> _Data for review_
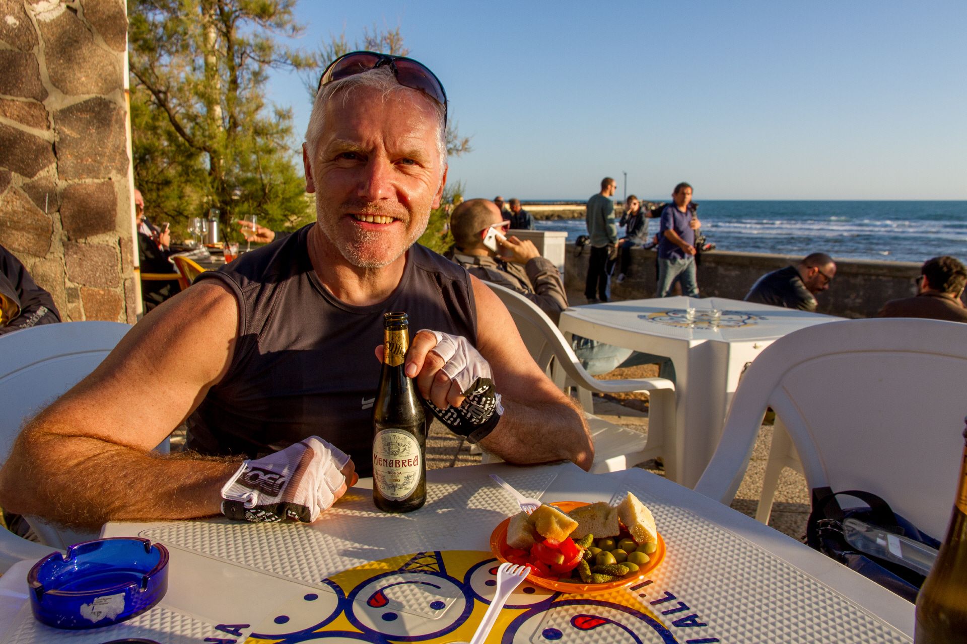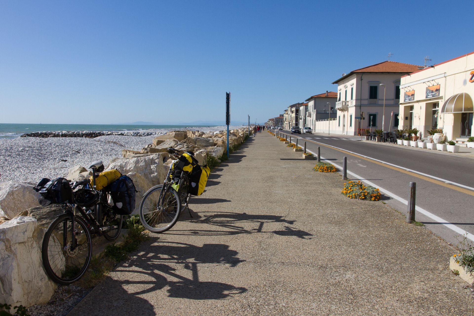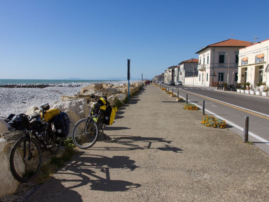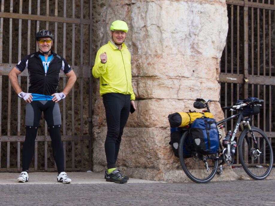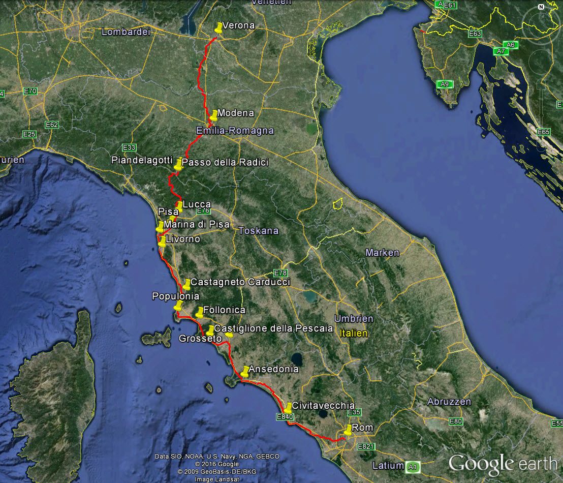 Schaltungsjustage nach der Zugfahrt München Verona | Markt an der Arena in Verona | Sommerlicher Abend in Verona | Dank GPS tolle Radwege aus Verona | Coole Herberge in Modena | Modena - die Stadt ohne Restaurants? | Auffahrt in den Appenin - jetzt wird's ruhiger | Einzigste Gäste in der Albergo vor dem Pass | Kalte Abfahrt vom Passo della Radici | Viel Trubel im warmen Lucca | Marina di Pisa - Jörg`s Urlaubsort | Sehen und gesehen werden - Radler und Jogger an der südlichen Strandpromenade von Livorno | Leerer Zeltplatz bei Livorno - die Suche nach der Pizza | Radeln durch die Maremma - ein Traum | Mittagessen in Castagneto Carducci | Moretti in Populonia | Ohne Touristen in Castiglione | Ansedonia - wenn man es sich leisten kann | Lebendige Hafenstadt Civitavecchia | Alle Wege führen nach Rom - nur für Radler ist die Einfahrt nach Rom hügelig und stressig | Das Finale vor dem Vatikan und dem Kolosseum | Enge Hotels | Sightseeing an einem Tag | Tolle Rückfahrt mit dem CityNightLiner - das ist noch Bahnfahren.
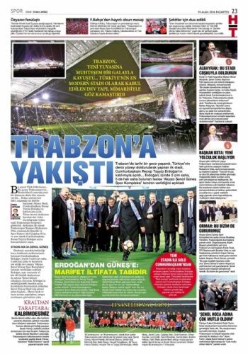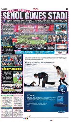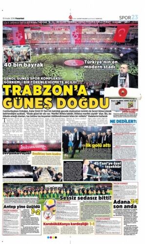 Şenol Güneş Stadı'nın Açılışı Sonrası Gazete Manşetleri
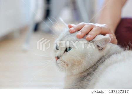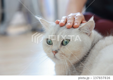Close up of a human hand gently petting a cute fluffy white British Shorthair cat with beautiful green eyes. Love, bonding and affection between pet owner and adorable feline companion at home.
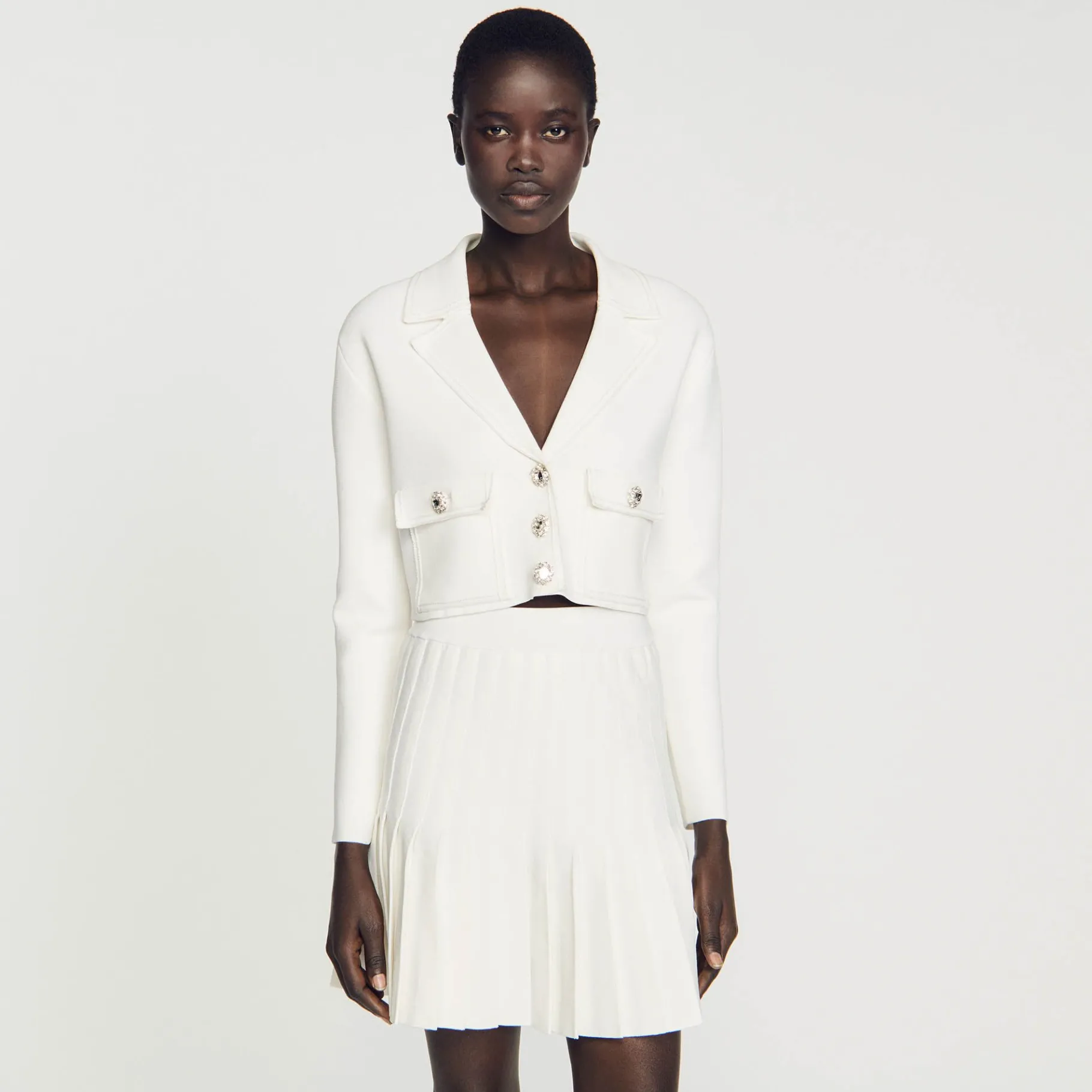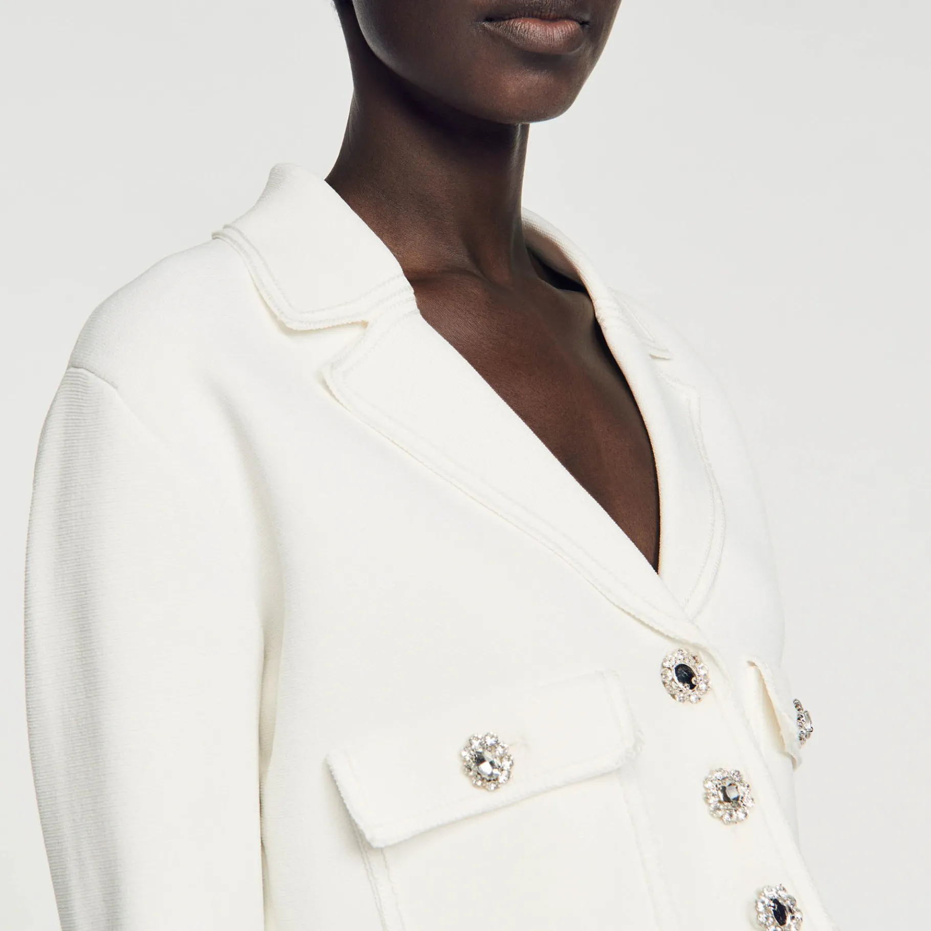 Cardicoat Estilo Chaqueta De Sastre Con Un Cuello Con Muescas, Mangas Largas, Bolsillos Tipo Parche Con Solapas En Las Caderas, Con Un Cierre Con Botones De Bisutería De Estrás.
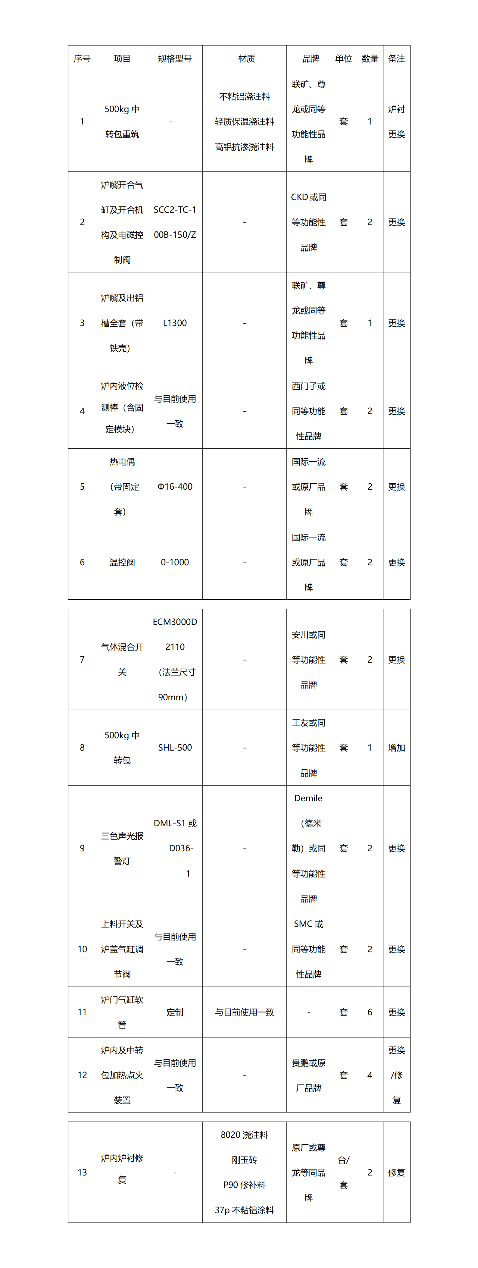 6. 项目概况:铝合金熔化炉、中转包加热装置及中转包设备维修项目,更换明细表
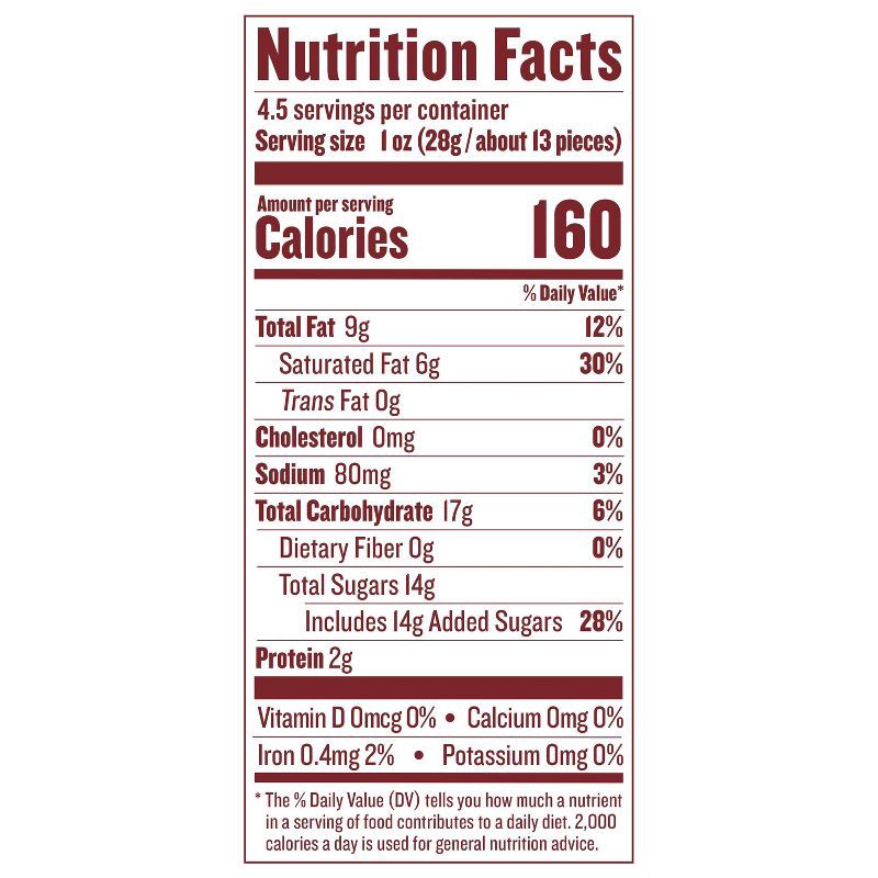 Peanut Butter Coating (Cane Sugar, Palm Kernel Oil, Peanut Flour, Peanut Butter [Ground Peanuts], Rice Starch, Sea Salt, Soy Lecithin), Dark Chocolate (Cacao Beans*, Evaporated Cane Sugar, Cocoa Butte…
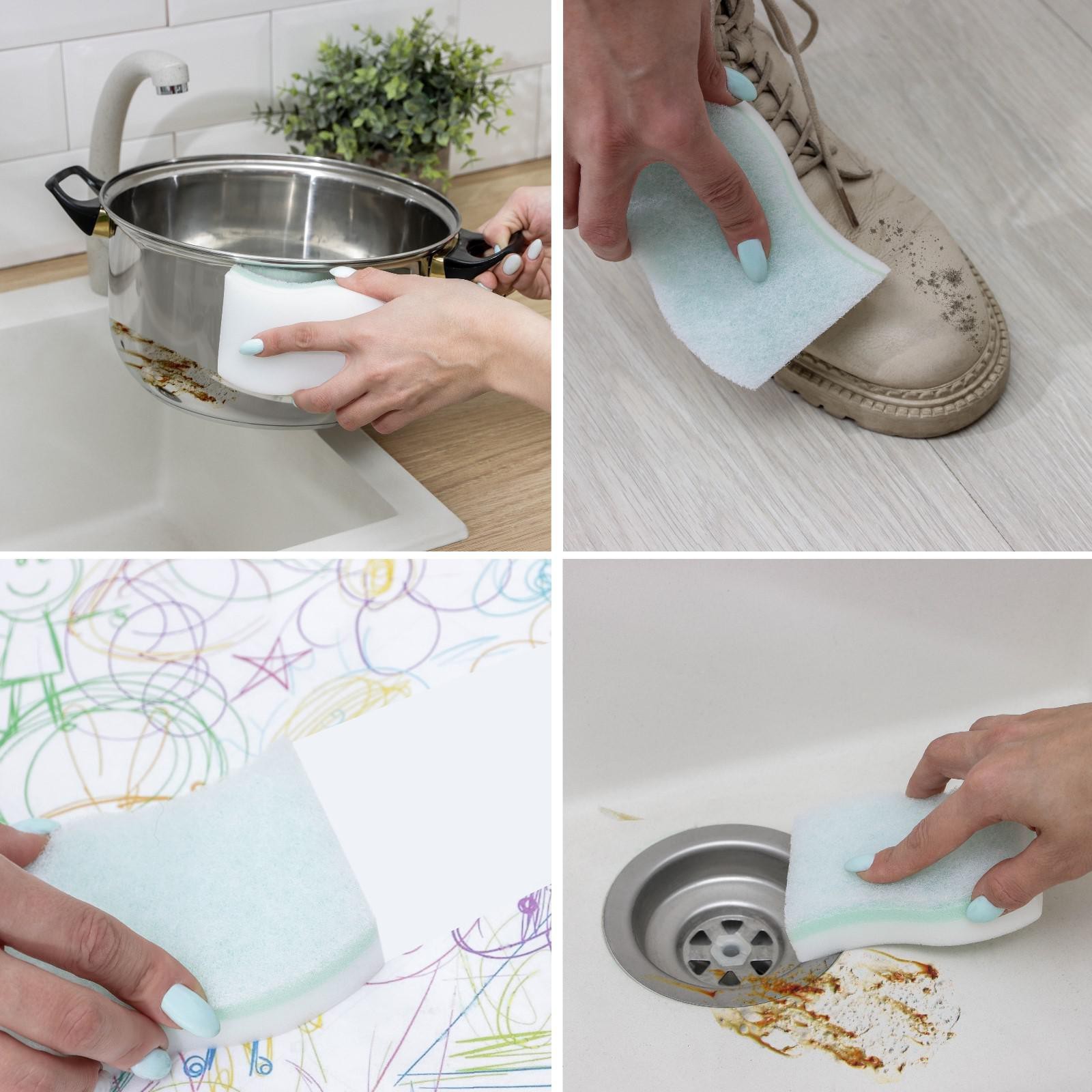 Губка меламиновая «тройной эффект», 3 слоя: меламин, поролон, абразив, 11x7x3 см. Меламиновая губка - незаменимое средство уборки в современном доме. Губка легко справится со многими загрязнениями без использования химии. Материал: Меламин — пластик нового поколения, который выглядит как самая обычная губка, но имеет совершенно другую структуру. На ощупь он больше напоминает тонкую наждачную бумагу, но, что важно, не царапает очищаемые поверхности. Преимущества: Губка не имеет запаха и позволяет с легкостью очистить обувь (особенно эффективно на светлой подошве), сантехнику, пластиковые окна, керамическую плитку, бытовую технику и другие поверхности. Меланиновая губка легко удалит налет и пятна ржавчины, жирных пятен, плесени. Имеется абразивный слой. Как использовать: Можно использовать как сухую, так и влажную губку. Если вы решили её намочить, обратите особое внимание на процесс отжима: легонько сожмите губку между ладоней, ни в коем случае не перекручивая. Затем проведите ею по месту загрязнения. При необходимости повторите процедуру. Советы по эксплуатации: Со временем губка истирается, пользуйтесь её кончиком или отрежьте часть и произведите чистку ею. Не используйте губку для чистки посуды. При чистке эмалированных или лаковых поверхностей проведите небольшой тест на малозаметном участке. Не использовать с бытовой химией. Цвет: Голубой Цвет: Белый Размер, см: 11 х 7 Вид: Губка/мочалка Материал: Абразив Материал: Меламин  развернуть описание ▼

> _Problem description_
Your copy must begin at the line containing "Şenol Güneş Stadı'nın" and end at the last line of the material above. Reproduce each line exactly, but not the pictures.

> _Completed task_
 Şenol Güneş Stadı'nın Açılışı Sonrası Gazete Manşetleri
Close up of a human hand gently petting a cute fluffy white British Shorthair cat with beautiful green eyes. Love, bonding and affection between pet owner and adorable feline companion at home.
 Cardicoat Estilo Chaqueta De Sastre Con Un Cuello Con Muescas, Mangas Largas, Bolsillos Tipo Parche Con Solapas En Las Caderas, Con Un Cierre Con Botones De Bisutería De Estrás.
 6. 项目概况:铝合金熔化炉、中转包加热装置及中转包设备维修项目,更换明细表
 Peanut Butter Coating (Cane Sugar, Palm Kernel Oil, Peanut Flour, Peanut Butter [Ground Peanuts], Rice Starch, Sea Salt, Soy Lecithin), Dark Chocolate (Cacao Beans*, Evaporated Cane Sugar, Cocoa Butte…
 Губка меламиновая «тройной эффект», 3 слоя: меламин, поролон, абразив, 11x7x3 см. Меламиновая губка - незаменимое средство уборки в современном доме. Губка легко справится со многими загрязнениями без использования химии. Материал: Меламин — пластик нового поколения, который выглядит как самая обычная губка, но имеет совершенно другую структуру. На ощупь он больше напоминает тонкую наждачную бумагу, но, что важно, не царапает очищаемые поверхности. Преимущества: Губка не имеет запаха и позволяет с легкостью очистить обувь (особенно эффективно на светлой подошве), сантехнику, пластиковые окна, керамическую плитку, бытовую технику и другие поверхности. Меланиновая губка легко удалит налет и пятна ржавчины, жирных пятен, плесени. Имеется абразивный слой. Как использовать: Можно использовать как сухую, так и влажную губку. Если вы решили её намочить, обратите особое внимание на процесс отжима: легонько сожмите губку между ладоней, ни в коем случае не перекручивая. Затем проведите ею по месту загрязнения. При необходимости повторите процедуру. Советы по эксплуатации: Со временем губка истирается, пользуйтесь её кончиком или отрежьте часть и произведите чистку ею. Не используйте губку для чистки посуды. При чистке эмалированных или лаковых поверхностей проведите небольшой тест на малозаметном участке. Не использовать с бытовой химией. Цвет: Голубой Цвет: Белый Размер, см: 11 х 7 Вид: Губка/мочалка Материал: Абразив Материал: Меламин  развернуть описание ▼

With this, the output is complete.